The probability cloud also gives the impression that the electron is moving. An important part of eigenstates of the Schrödinger equation is that they are stationary states: they never change, other than an arbitrary unobservable global phase factor that rotates at $E/\hbar$. Now there is a probability current (that is not velocity), that rotates around the nucleus in $L\ne 0$ states, but it is also stationary.
Now the virtual photons: the quantum mechanical solution to atomic orbitals is an approximation in a static background electric field. When you "turn the field on", e.g., make it a dynamical variable, several things happen:
The eigenstates are no longer exact. There is an interaction hamiltonian that links states, and hence they can transition. They are no longer stationary states, and the energy is no longer exact. This is good: it allows atoms to change.
So now we no longer have an exact analytical description of an atom, since the system includes the EM field out to infinity. It's too much.
Nevertheless, you can still break it into approximate pieces and do calculations. This involves perturbation theory, and that is described in powers of $\alpha$ (maybe squared), and these terms can be written with diagrams of virtual particles. This does not make virtual particles real. They are just pieces of an approximation to a quantum field linking states.

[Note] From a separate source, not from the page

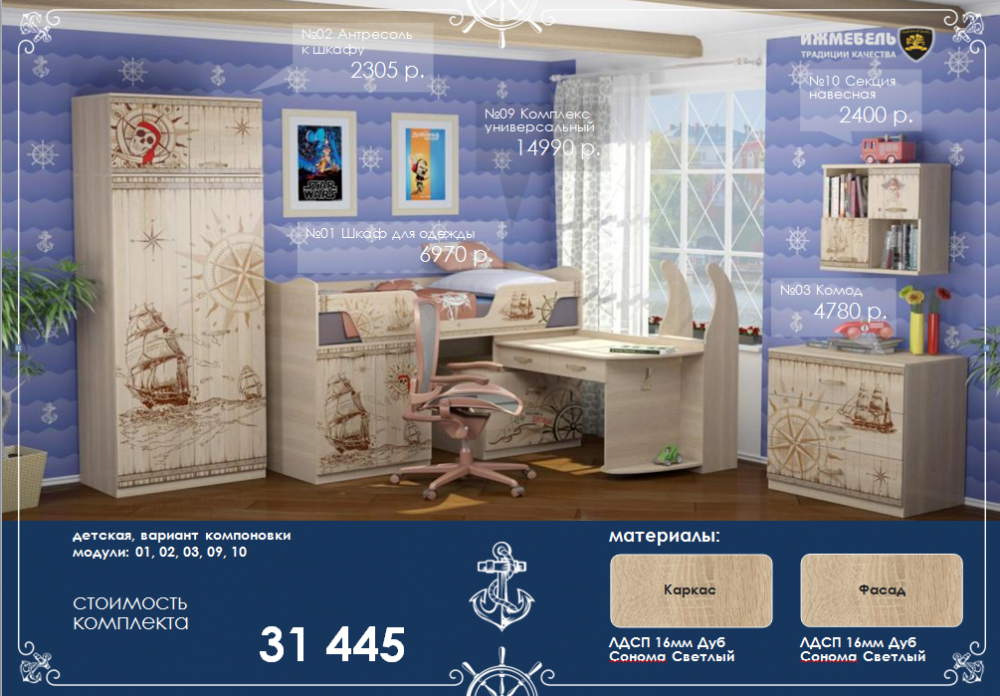 Цена указана за комплектацию на главном фото: Комплекс универсальный, Шкаф для одежды, Антресоль к шкафу, Комод, Секция навесная
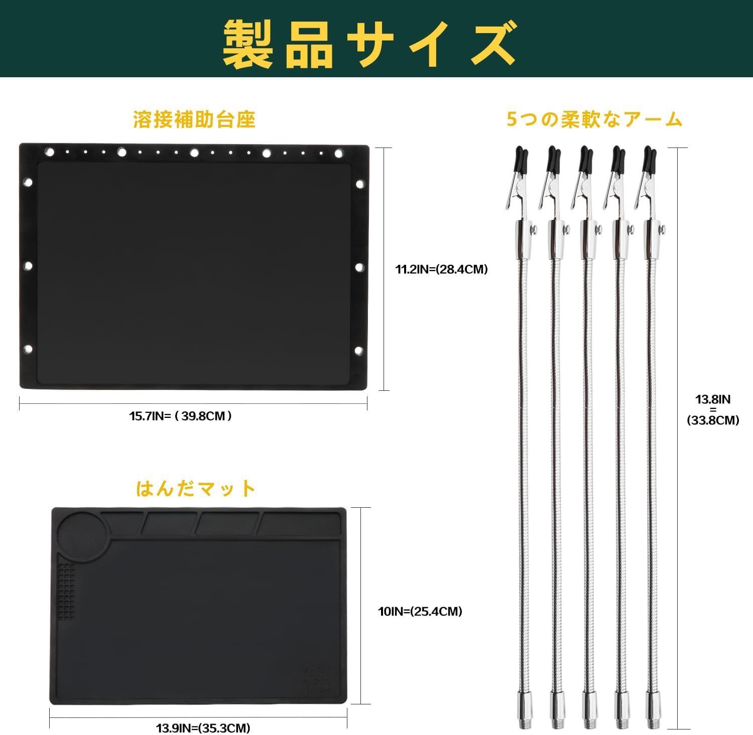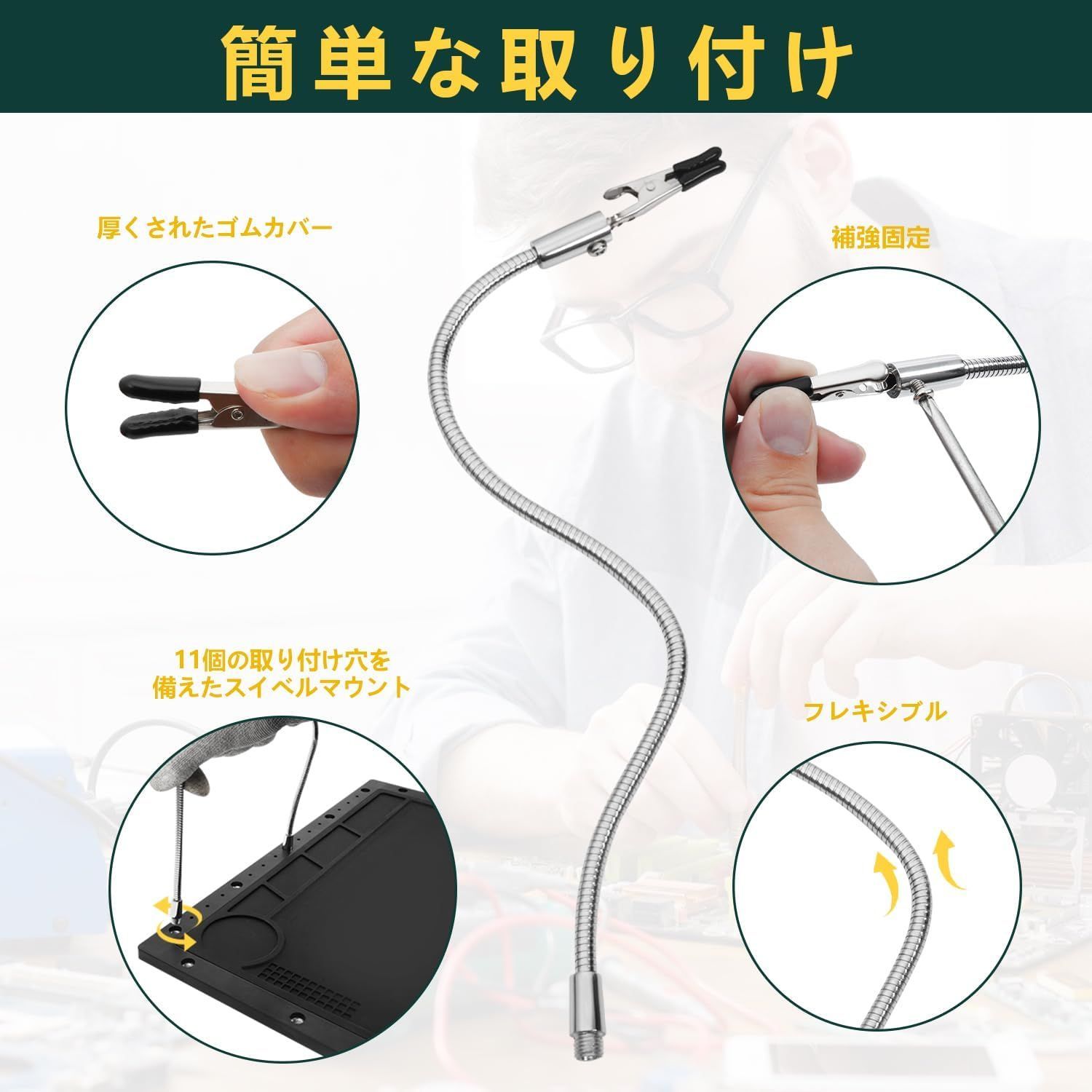 5本の調整可能な33.8センチ(13.3インチ)の金属グースネックアーム(はんだ付け補助具)と、底板上の異なる位置に固定できる11の延長アーム固定穴があり、自由に組み合わせることができます。

They are useful, when used properly, and cause all kinds of confusion when taken seriously, esp. in a non-relativistic fashion where they "borrow energy" from the vacuum (in relativistic QFT, they don't do that).
Finally: the double slit (YDSE). The amplitude to go from initial ($i$) to final state ($f$) is the sum (or path integral) of all possible paths linking $i\rightarrow f$, and in the 2 path approximation to the YDSE, you add the amplitudes for both paths and get interference.
If you observed the electron going through one slit, then that is the path it takes, so you can't add any other amplitudes. It doesn't matter how you measure it: photon, entangled partner, whatever. If you know it, there is no 2-slit interference pattern.
Now when it goes through one slit, you still don't know where it went through the slit, which has a finite width. In that case, you have to integrate over all positions in the slit, et voila: that gives you the Fourier transform of the slit, and that is a diffraction pattern.
So the takeaway is: don't take classical description of QM too literally, don't take virtual particles too literally, and know what approximations you're description of a system is making (and you have to make them, or the problem cannot be solved).